WHAT IS EXPECTED: Please reproduce exactly the lines that begin the listing below, up to and including the line where "Серьги бижутерия, покрытие" occurs.

SOURCE DATA:
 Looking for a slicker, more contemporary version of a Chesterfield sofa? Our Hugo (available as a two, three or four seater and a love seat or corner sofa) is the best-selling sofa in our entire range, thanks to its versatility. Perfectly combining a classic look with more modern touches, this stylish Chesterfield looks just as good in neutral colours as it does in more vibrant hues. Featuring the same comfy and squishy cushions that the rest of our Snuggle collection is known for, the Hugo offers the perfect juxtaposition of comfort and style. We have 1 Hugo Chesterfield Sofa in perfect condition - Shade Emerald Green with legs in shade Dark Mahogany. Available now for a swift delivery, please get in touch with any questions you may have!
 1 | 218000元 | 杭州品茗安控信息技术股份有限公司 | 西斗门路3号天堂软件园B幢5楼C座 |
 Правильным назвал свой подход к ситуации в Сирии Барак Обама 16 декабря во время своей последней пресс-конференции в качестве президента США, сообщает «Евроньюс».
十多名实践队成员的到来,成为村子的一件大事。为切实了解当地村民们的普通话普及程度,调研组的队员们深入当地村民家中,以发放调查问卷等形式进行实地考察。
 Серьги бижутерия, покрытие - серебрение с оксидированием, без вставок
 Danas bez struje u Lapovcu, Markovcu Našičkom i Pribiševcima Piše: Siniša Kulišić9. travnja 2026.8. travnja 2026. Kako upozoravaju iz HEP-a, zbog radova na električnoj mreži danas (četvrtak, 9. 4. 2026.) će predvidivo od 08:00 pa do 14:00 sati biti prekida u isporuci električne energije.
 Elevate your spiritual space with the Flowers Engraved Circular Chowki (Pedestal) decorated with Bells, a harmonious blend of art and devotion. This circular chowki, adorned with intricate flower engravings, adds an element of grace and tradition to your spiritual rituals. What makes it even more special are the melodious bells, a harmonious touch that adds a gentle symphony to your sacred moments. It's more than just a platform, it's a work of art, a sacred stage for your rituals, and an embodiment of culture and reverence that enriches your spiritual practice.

SOLUTION:
 Looking for a slicker, more contemporary version of a Chesterfield sofa? Our Hugo (available as a two, three or four seater and a love seat or corner sofa) is the best-selling sofa in our entire range, thanks to its versatility. Perfectly combining a classic look with more modern touches, this stylish Chesterfield looks just as good in neutral colours as it does in more vibrant hues. Featuring the same comfy and squishy cushions that the rest of our Snuggle collection is known for, the Hugo offers the perfect juxtaposition of comfort and style. We have 1 Hugo Chesterfield Sofa in perfect condition - Shade Emerald Green with legs in shade Dark Mahogany. Available now for a swift delivery, please get in touch with any questions you may have!
 1 | 218000元 | 杭州品茗安控信息技术股份有限公司 | 西斗门路3号天堂软件园B幢5楼C座 |
 Правильным назвал свой подход к ситуации в Сирии Барак Обама 16 декабря во время своей последней пресс-конференции в качестве президента США, сообщает «Евроньюс».
十多名实践队成员的到来,成为村子的一件大事。为切实了解当地村民们的普通话普及程度,调研组的队员们深入当地村民家中,以发放调查问卷等形式进行实地考察。
 Серьги бижутерия, покрытие - серебрение с оксидированием, без вставок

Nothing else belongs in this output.